Aspe try not to worry. It's one cycle closer to bfp. What are you doing with your bd'ing? I recommended trying to bd really regularly during that fertile week if you can. I know I did something similar to smep both times but didn't officially stick to their bd'ing pattern. It was hard work but did the trick.


----------



## Aspe

We tried SMEP but didnt work. We have sex everyday of my fertile week, up until ff marks ovulation. Going to do every second day this time.


----------



## mlm115

Oh, I'm sorry she made you nervous Bobster. I hate when other people comment on something that is none of their business like that. Norah would have barely talked in that situation. 

Audrey turned 6 months yesterday! To celebrate, we both took a ride down my staircase all the way from the top. Ahh, so scary! My foot slipped while I was carrying her down. Thankfully she is totally ok, as I didn't drop her and I went the whole way down on my back/tailbone. I'm also ok, just very sore today. But I just started sobbing yesterday thinking of how much worse it could have gone!


----------



## mlm115

You must be exhausted Aspe! Sorry about Af : (


----------



## bobster

Oh my god mlm that's awful. So glad you are both ok! Bet you were really shaken up. The thought of what could have happened is always really scary and upsetting. I bet that won't happen again though as you'll be really aware of losing your step now. You'll have to rest up as much as you can as I bet your tailbone feels bruised :(


----------



## Aspe

Af never showed yet. But I am sure she will soon.


----------



## bobster

We've now had a phone call from the estate agent with a view to exchange contracts tomorrow! They can't seem to make their minds up. I really hope that she does sign tomorrow. Then it will be at least 1 week until we get a completion date due to the time it takes for deposits to transfer. Fingers crossed!


----------



## mlm115

Good luck Bobster! What a frustrating process, hopefully they sign tomorrow!!


----------



## bobster

Thanks mlm. 

Aspe have you tested? What dpo are you now?


----------



## Aspe

10-12 dpo
Tested got bfn
Huge spike this morning 
Now, Well af showed :(


----------



## bobster

I'm sorry. Better luck this cycle. I think chocolate and wine are in order


----------



## mlm115

How did it go with the contracts Bobster? Everything done?


----------



## GI_Jane

DH and I are back from iceland- it was cold but amazing!

Sounds stressful bobster, any update on a final completion date?

Sorry af got you Aspe. Did you get a date for your Tube dye?

Bobster, Greg does 3-5 words together. He has a developmental check with the HV this month so I'll let you know what she says about it. Try not to worry though- hate it when well meaning people stick their noses in.

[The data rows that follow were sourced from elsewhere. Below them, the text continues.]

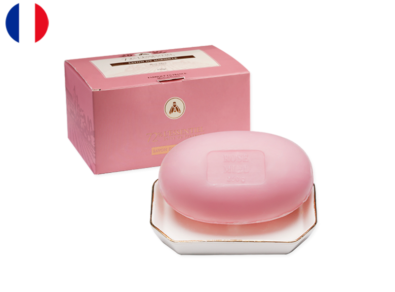 Scented “Savon de Marseille” handmade soap, with rose honey perfume. Coming in gift pack with ceramic tray, perfect as a gift or for personal care.
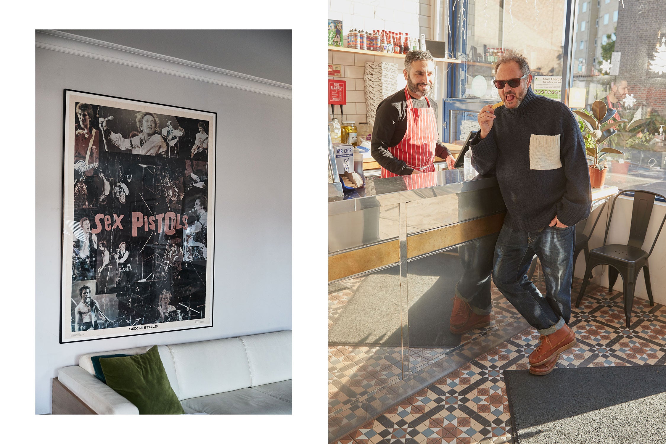 We took a few shots in the local park — it wasn’t long before you found someone you knew. Heading back to your home we found Nemo’s, a chippy that you raved about, chatting with the owner. Is London home for the foreseeable? What are some of your favourite haunts...
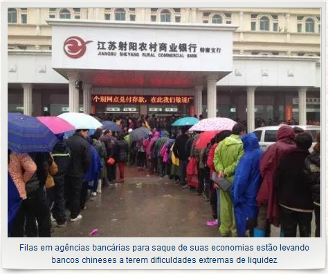 O resultado de tudo isso, previsivelmente, foi um colapso da confiança nos bancos chineses e seu próximo passo lógico: a corrida para saques nos bancos. Nos episódios mais recentes, as autoridades intervieram no mês passado para interromper a operação de bancos em dois credores locais em Hebei e Shanxi. Em 11 de julho, os poupadores correram para sacar dinheiro do Banco Hengshui, também com sede em Hebei, antes que a polícia o parasse.

How's the morning sickness going Mack? Any name thoughts?

I've just o'd but we've used protection. Seeing the haematologist on the 17th February and waiting for some answers.


----------



## GI_Jane

Happy 30 weeks bobster! It's gone incredibly quick from my side!

Is your bump big? Is he moving around lots?


----------



## bobster

Thanks Jane. Glad you have a date for some answers. Not long now. It must have been hard to use protection when you knew you were fertile. Aww I'm glad you had a nice time away. What did Greg think to it? How long did it take to travel to Iceland?

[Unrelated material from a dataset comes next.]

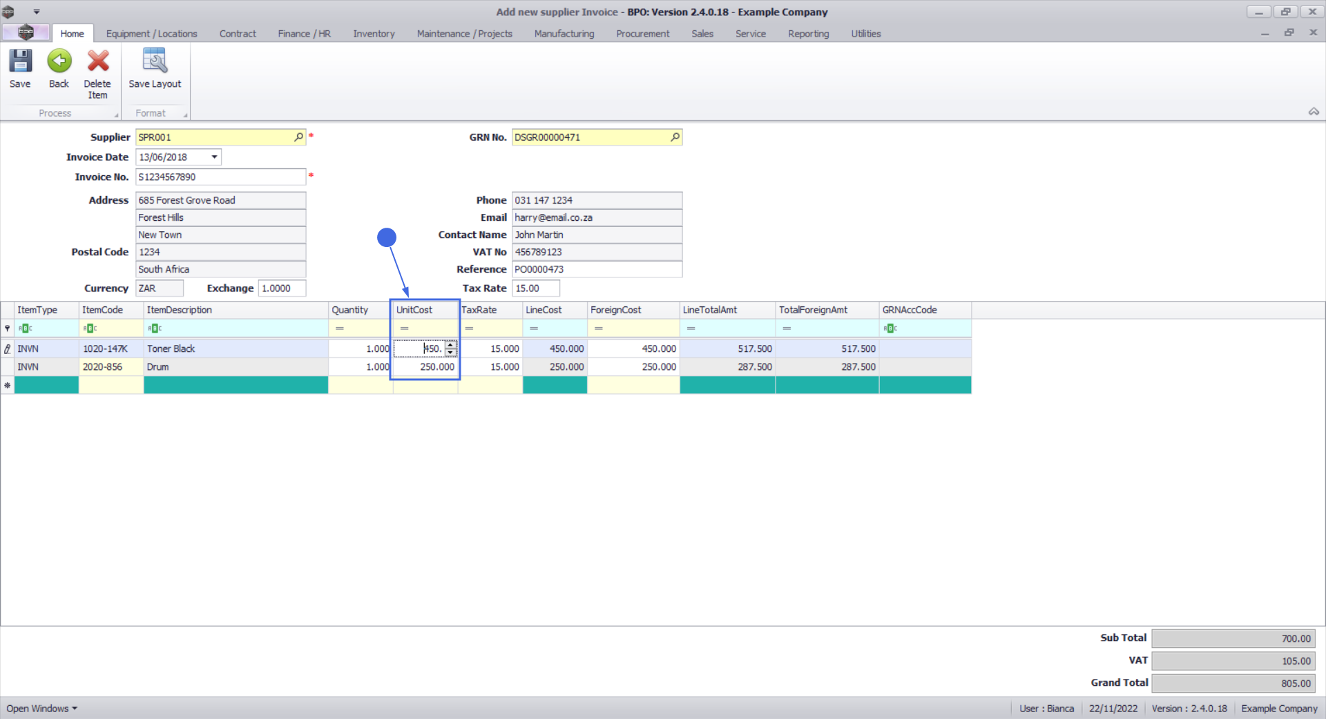 Pricing may have changed between the time the Purchase Order was created and receiving the Supplier Invoice. If the Supplier Invoice is received at the same time as the GRN, the unit costs can be updated when receiving the goods or services and this value will pull through to the Supplier Invoice.

Yes bump bigger now. He's moving about so much more than Jack did. Seems to be quite a wriggly bum. Hope this doesn't mean he will be a handful haha. I'm getting excited about meeting him.

We still don't have a completion date! Hopefully will get some updates today. It's just moving so slowly. We'll have to move into a temporary house so we can get this one cleaned up for the next tenants. I really want to start nesting already! 

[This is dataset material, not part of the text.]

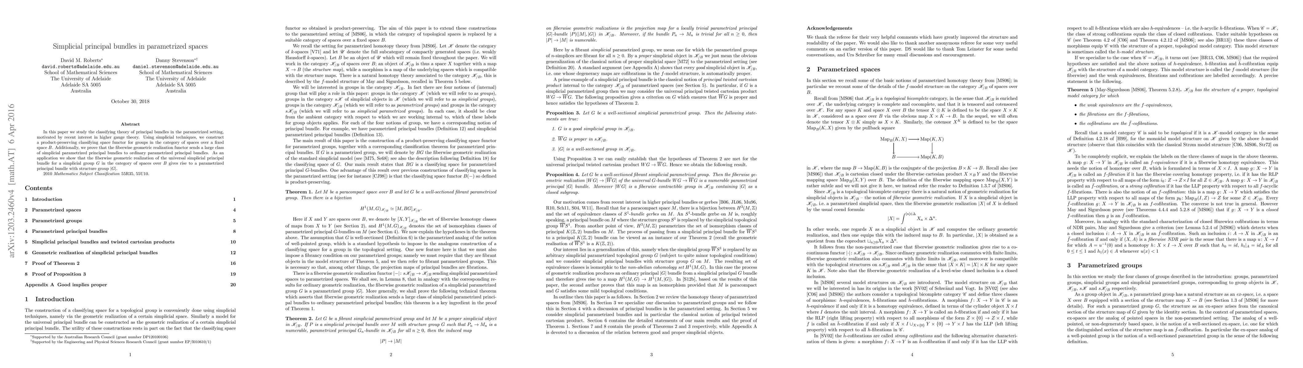 In this paper we study the classifying theory of principal bundles in the parametrized setting, motivated by recent interest in higher gauge theory. Using simplicial techniques, we construct a product-preserving classifying space functor for groups in the category of spaces over a fixed space B. Additionally, we prove that the fiberwise geometric realization functor sends a large class of simplicial parametrized principal bundles to ordinary parametrized principal bundles. As an application we show that the fiberwise geometric realization of the universal simplicial principal bundle for a simplicial group G in the category of spaces over B gives rise to a parametrized principal bundle with structure group |G|.

How's mack doing? Hope the sickness isn't too bad? 

Mlm how are things with you and the girls? 

Aspe do you have any plans for this new cycle?


----------



## mlm115

Wow, Iceland! That sounds amazing! Glad you had a great time Jane. 

Too bad you don't have a date yet, I was hoping for you that you'd be all settled by now Bobster : (


----------



## bobster

I know I was too mlm :( it is dragging but we're hoping next week may be possible for completion and if not the week after. Sat twiddling thumbs now. 

My friends mum has just been diagnosed with terminal cancer today. They are very close. She lost her dad in a very upsetting way as a teenager but she wasn't particularly close to him. Just did not have a clue what to say. What can you say?? You just want to say something to help but there really is nothing you can say is there. Just made me realise how lucky I am with my life right now and how much I take for granted. Her mum is so lovely, and so caring and kind :(


----------



## mackjess

I am very sorry bobster. Maybe you can do something to make things a bit easier for her while she cares for her mom? A dinner or a gift basket with healthy snacks while she is with her mom?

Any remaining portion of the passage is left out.